┏━━

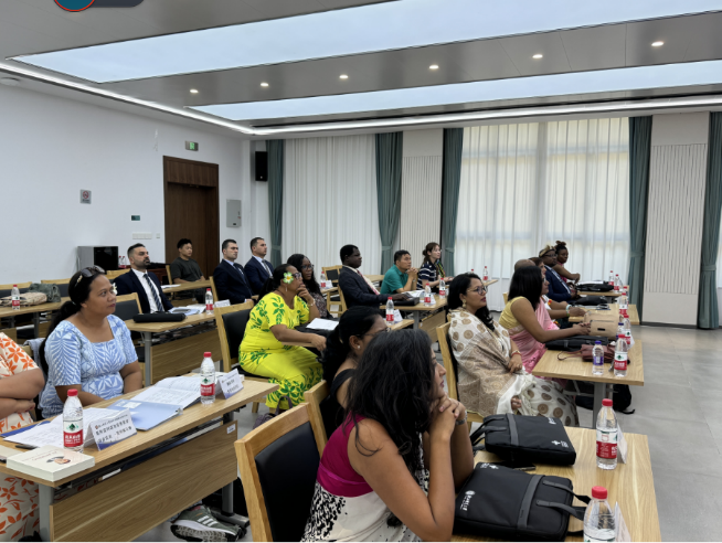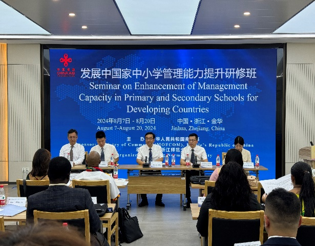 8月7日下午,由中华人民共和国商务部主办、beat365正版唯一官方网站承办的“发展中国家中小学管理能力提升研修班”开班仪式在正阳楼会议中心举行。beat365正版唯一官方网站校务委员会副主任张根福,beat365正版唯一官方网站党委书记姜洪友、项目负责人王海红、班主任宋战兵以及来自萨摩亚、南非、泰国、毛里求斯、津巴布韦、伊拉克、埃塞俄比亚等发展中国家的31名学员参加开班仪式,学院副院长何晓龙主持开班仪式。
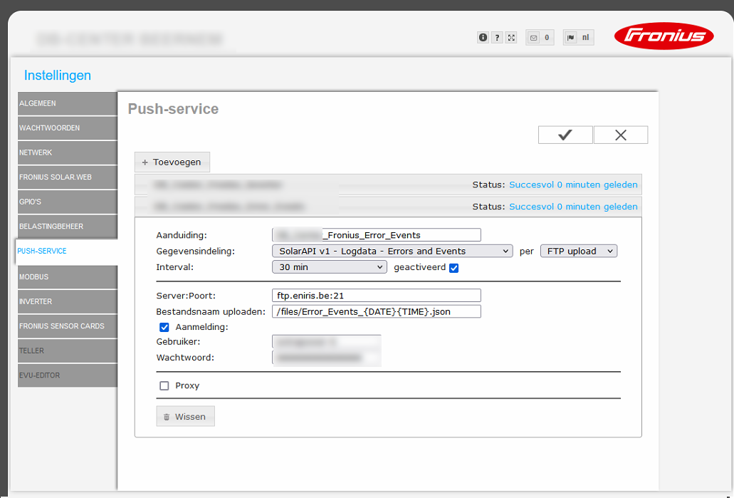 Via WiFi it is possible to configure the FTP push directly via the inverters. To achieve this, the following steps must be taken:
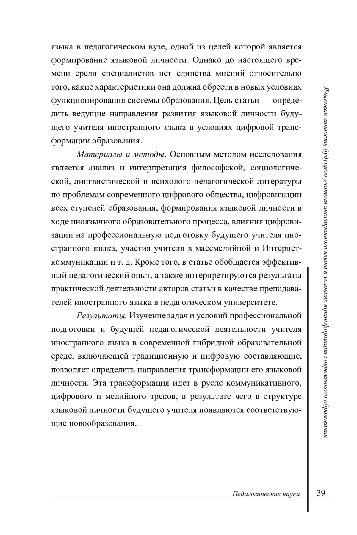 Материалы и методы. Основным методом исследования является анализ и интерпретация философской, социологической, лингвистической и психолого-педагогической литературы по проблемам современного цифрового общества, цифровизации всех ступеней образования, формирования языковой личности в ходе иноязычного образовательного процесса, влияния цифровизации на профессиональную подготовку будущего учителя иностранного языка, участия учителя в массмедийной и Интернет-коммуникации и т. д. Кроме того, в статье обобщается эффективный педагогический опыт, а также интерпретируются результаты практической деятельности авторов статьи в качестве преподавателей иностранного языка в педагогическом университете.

┗━━

=== Exercise instructions ===
For the material above, repeat each line exactly and leave out the pictures.

=== Output of the exercise ===
 8月7日下午,由中华人民共和国商务部主办、beat365正版唯一官方网站承办的“发展中国家中小学管理能力提升研修班”开班仪式在正阳楼会议中心举行。beat365正版唯一官方网站校务委员会副主任张根福,beat365正版唯一官方网站党委书记姜洪友、项目负责人王海红、班主任宋战兵以及来自萨摩亚、南非、泰国、毛里求斯、津巴布韦、伊拉克、埃塞俄比亚等发展中国家的31名学员参加开班仪式,学院副院长何晓龙主持开班仪式。
 Via WiFi it is possible to configure the FTP push directly via the inverters. To achieve this, the following steps must be taken:
 Материалы и методы. Основным методом исследования является анализ и интерпретация философской, социологической, лингвистической и психолого-педагогической литературы по проблемам современного цифрового общества, цифровизации всех ступеней образования, формирования языковой личности в ходе иноязычного образовательного процесса, влияния цифровизации на профессиональную подготовку будущего учителя иностранного языка, участия учителя в массмедийной и Интернет-коммуникации и т. д. Кроме того, в статье обобщается эффективный педагогический опыт, а также интерпретируются результаты практической деятельности авторов статьи в качестве преподавателей иностранного языка в педагогическом университете.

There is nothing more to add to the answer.